In the course of our conversation, I brought up my experience with Spotify — I like seeing what’s popular, but when a friend recently mentioned specific songs that they could see I’d been listening to on the service, I was a bit creeped out.

“It’s funny, I actually thought, how ironic that Spotify is getting into podcasting now [through the acquisitions of Gimlet and Anchor],” Curley replied. “They actually had this correct mechanism applied to the wrong thing. Music is a deeply personal thing.”

Which isn’t to say that podcast listening isn’t personal, but there’s more of an opportunity to discover overlapping interests, say the fact that you and your friends all listen to true crime podcasts.

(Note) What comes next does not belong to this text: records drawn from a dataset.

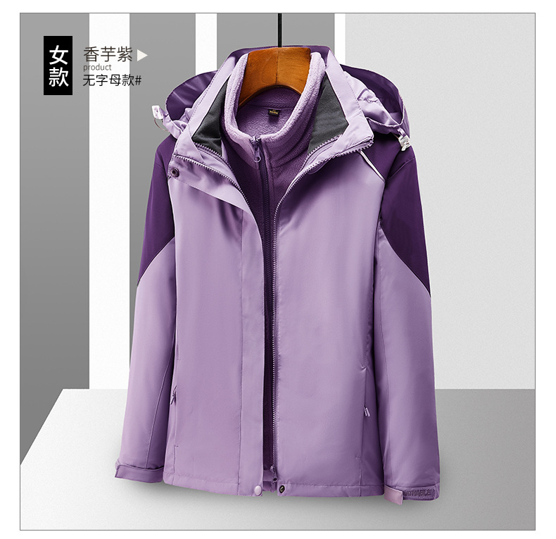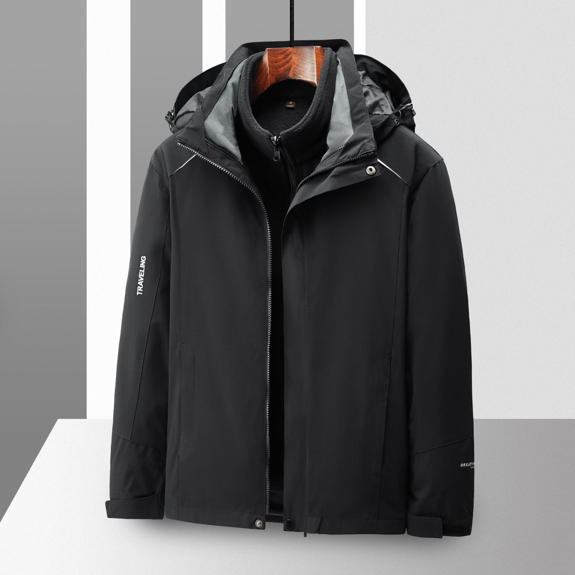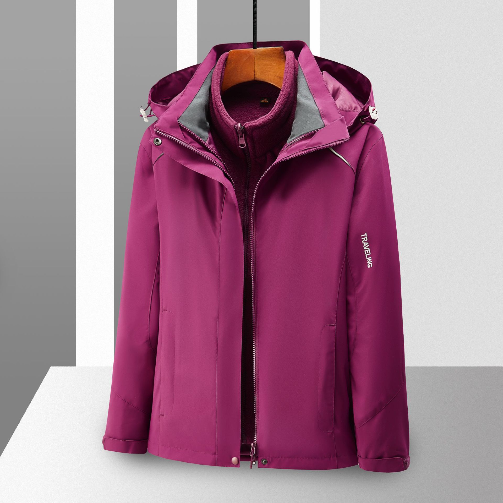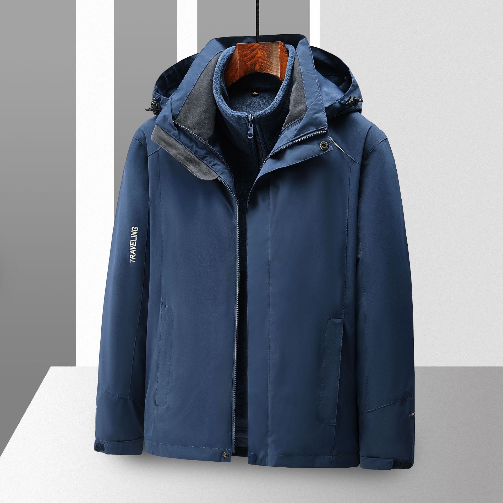 커플의 야외 등산 세트 트렌디 기모 두꺼운 라이너 분리형 재킷 남자 3 대 1 투피스 재킷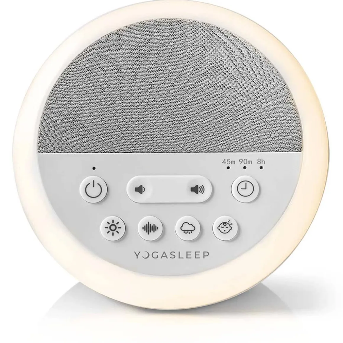Help your baby or child fall asleep faster, stay asleep, and mask distracting noises with the Yogasleep Nod Sound Machine and Night Light. Featuring 20 sound options including white noise, fan sounds, nature sounds, and eight lullaby tracks. The Nod light and sound machine has a soft, dimmable night light in amber tones that soothes rather than disrupts sleep cycles. Run the sound machine all night long or set the auto-off timer with three timer options: 45 minutes, 90 minutes, or 8 hours. Sleek and compact white noise machine fits seamlessly with any bedroom or nursery. Easy to operate with a simple and user-friendly interface. Yogasleep has 50+ years of making the best white noise machines for home, baby, and work.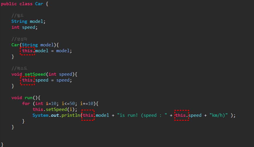 > 주로 생성자와 메소드의 매개변수 이름이 필드와 동일한 경우, 인스턴스 멤버인 필드임을 명시하고자 할 때 사용됨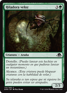 | Rules | Flash (You may cast this spell any time you could cast an instant.) Reach (This creature can block creatures with flying.) |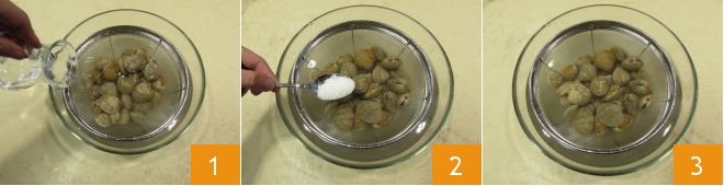 To prepare the spaghetti with sea truffles, start by soaking them in abundant salted water for at least an hour. Then place them in a container with a colander inside and cover with cold water 1. Add plenty of coarse salt to recreate seawater 2 and let them rest 3. If after this process you notice any open shells, because the sea truffle is dead, discard them as they could compromise the taste of your sauce.
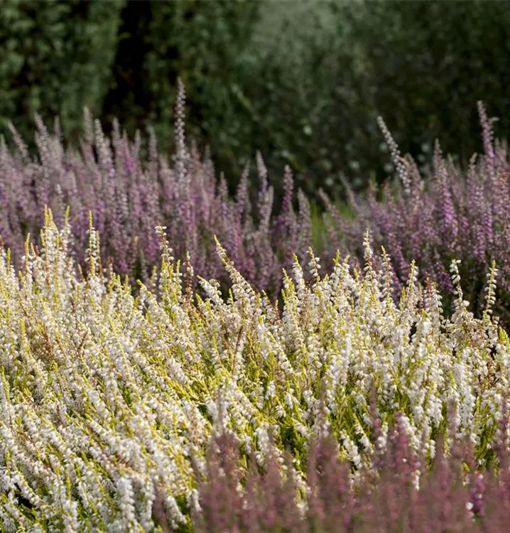 Die Besenheide (Calluna vulgaris) wird durch ihre unzähligen glockenförmigen Blüten in Rosa, Rot oder Weiß jeden Garten verschönern. Ab Juli ist es soweit und sie begeistert in Beeten, sowie in Kübeln auf Balkon oder Terrasse. Doch auch die nadelförmigen, dunkelgrünen Blätter sind ein schöner Anblick.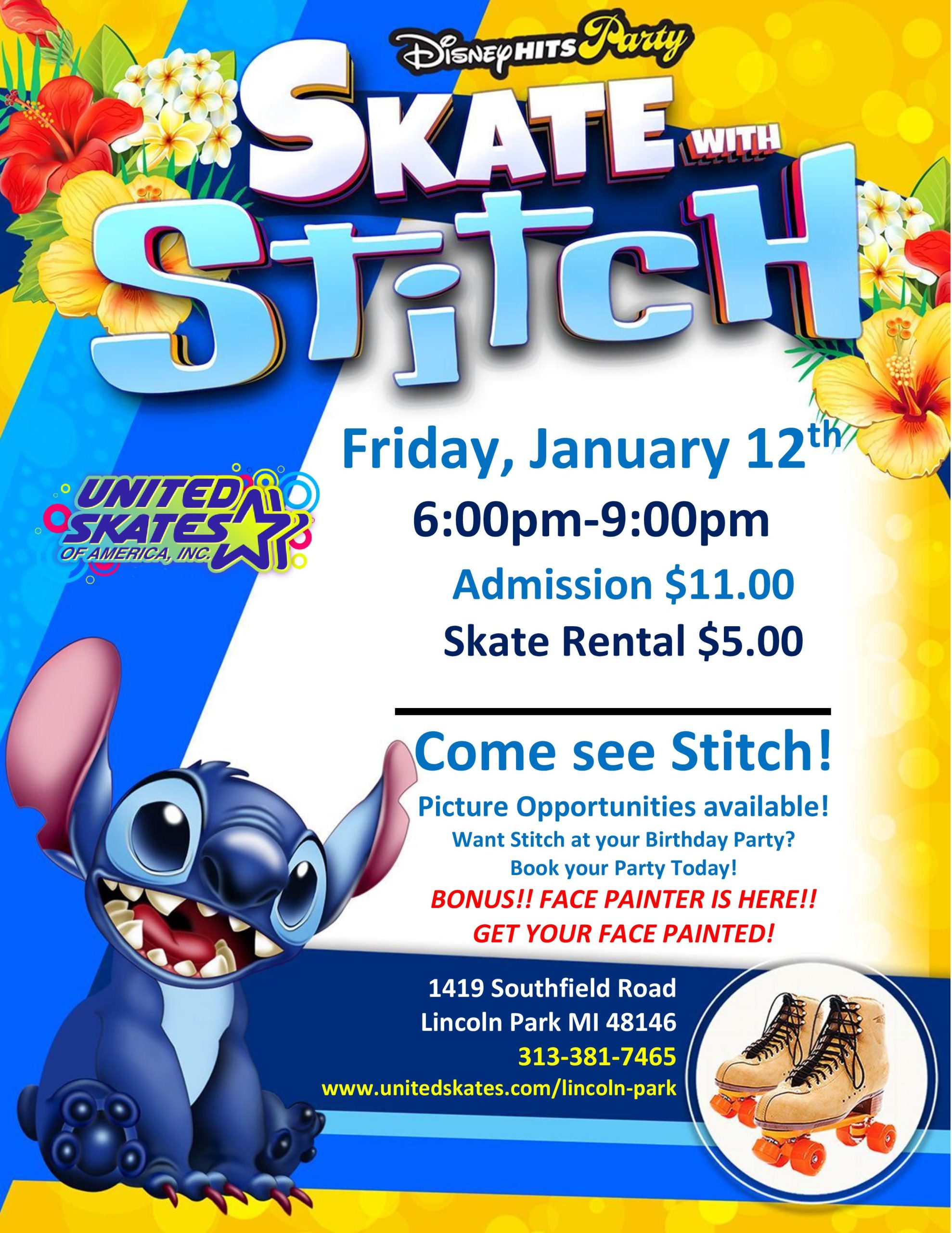 It's STITCH Time!! Come out and kick off your weekend on the right skate! Make sure to bring your cameras, picture opportunities are available! Friday, January 12th 6:00pm-9:00pm Admission $11.00 Skate Rental $5.00 Bonus!! You can even get your Face Painted!! All children 12-17 years of age must come into our facility with a parent […]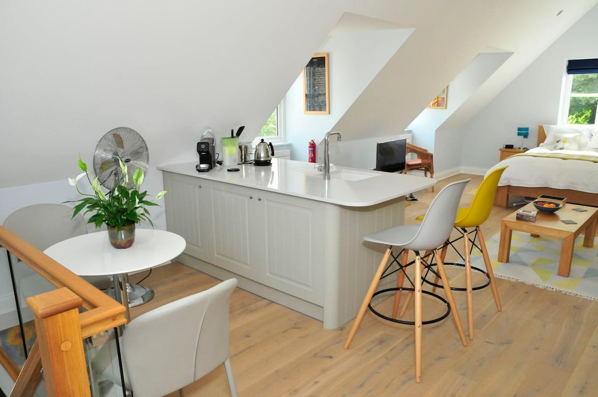My Studio Apartment is bright and airy perfect loft style living in the Historic Market town of Berkhamsted. Studio je enako oddaljen med mestom in državo, golf klub Berkhamsted pa je oddaljen nekaj več kot 5 min hoje, medtem ko je High St z obilico elegantnih kavarn, butikov in restavracij oddaljen 12 min hoje. Kanal Grand Union je 10 min hoje po hribu s številnimi pivnicami ob kanalu, ki so oddaljene nekaj ur. Postaja Berkhamsted je oddaljena 12 minut hoje, v Londonu pa boste v 30 minutah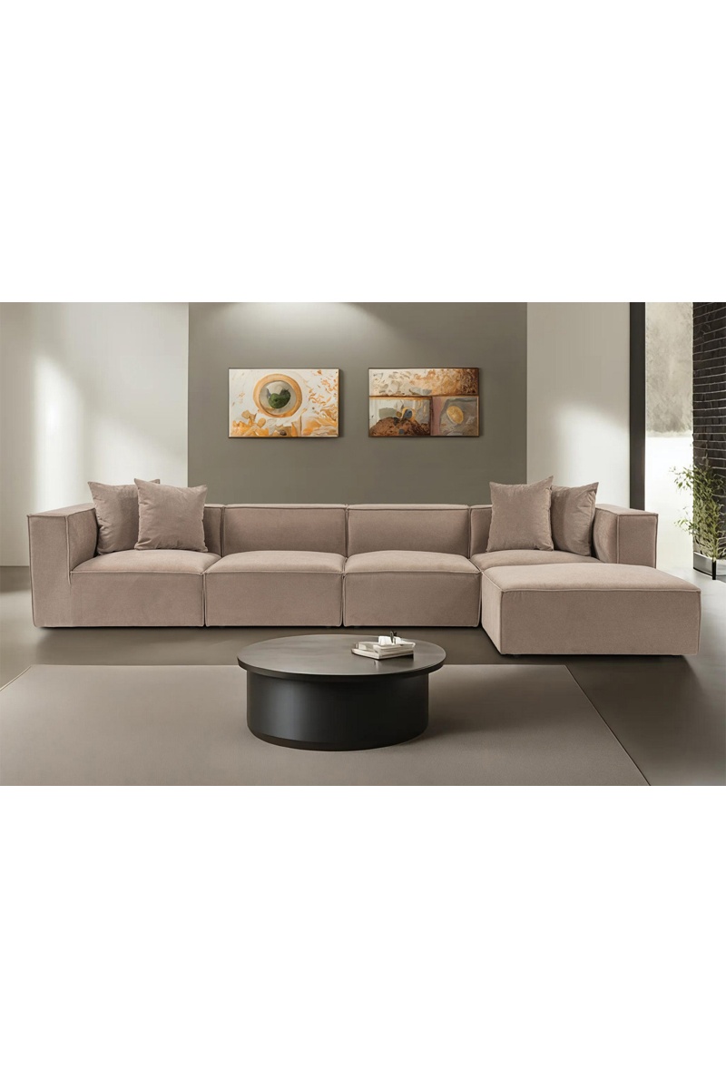 Canapé angle droit Sora - Beige - 4 à 5 places - Revêtement en lin
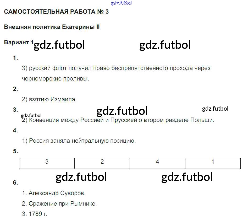 Готовые домашние задания по Истории за 7 класс Акиньшина Рабочая тетрадь 2013 ФГОС - СР-3. Внешняя политика Екатерины II Вариант 1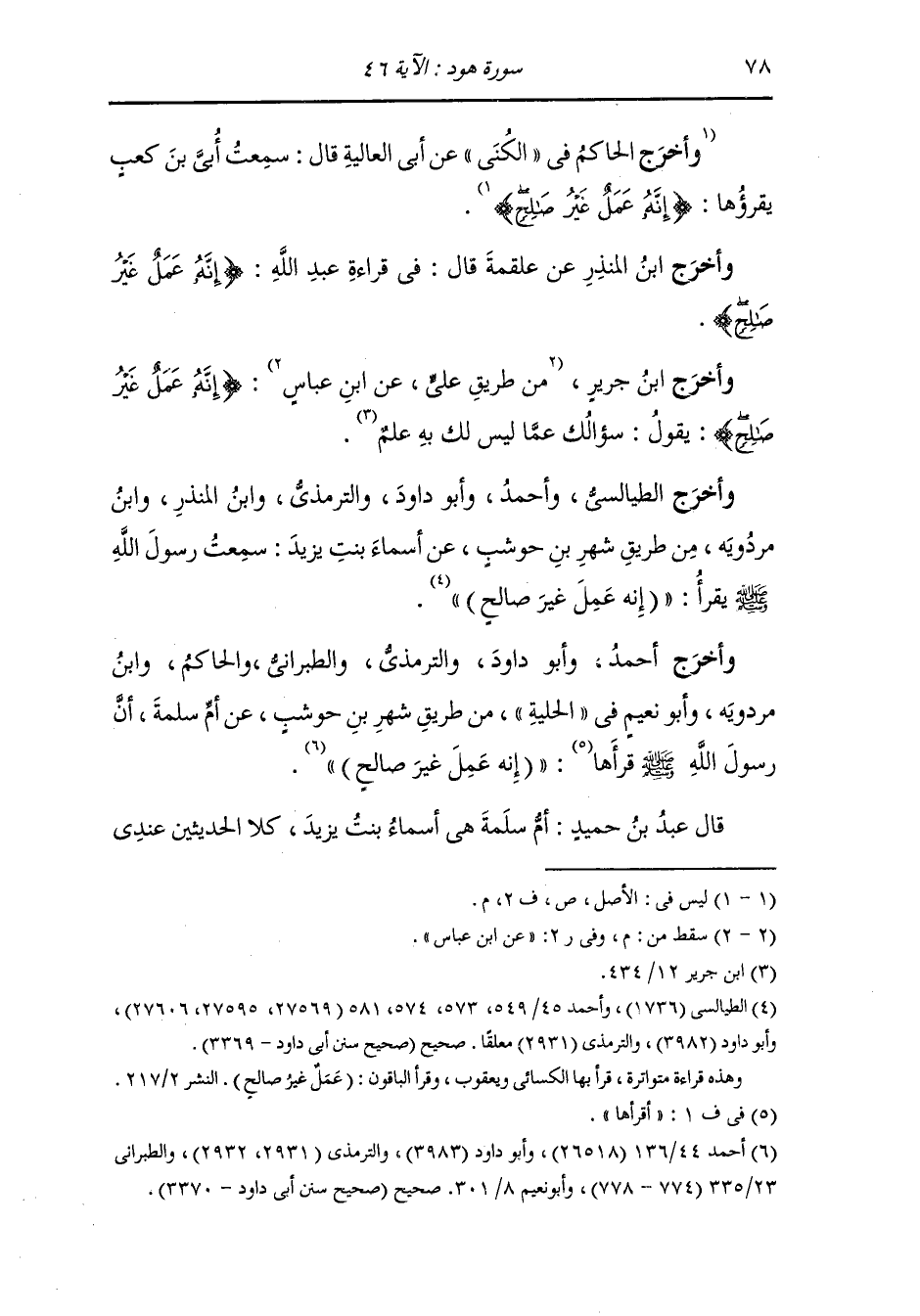 وأخرج أحمد وأبو داود والترمذي والطبراني والحاكم ، وَابن مردويه وأبو نعيم في الحلية من طريق شهر بن حوشب عن أم سلمة رضي الله عنه قال : سمعت رسول الله صلى الله عليه وسلم قرأها {إنه عمل غير صالح}

Curley also said that the app is deliberately to ensure that “the service does not get worse because a ton of people follow you” — so they see what you listen to, but they can’t comment on it or tell you that you’re an idiot for listening.

At the same time, he also said the team will be adding a mode to only share podcasts you actively recommend, rather than posting everything you listen to.

As for making money, Curley suggested that he’s interested in exploring a variety of opportunities, whether that’s integrating with other subscription or tipping services, or in creating ad opportunities around promoting different podcasts.

“My actual answer is, there are a bunch fo people trying to monetize right now, but I don’t think there’s a platform even close to mature enough to even try to monetize podcasting yet, other than podcasters doing their own advertising,” he said. “I think the endgame, where the real money is made in podcasting, actually hasn’t been come up with yet.”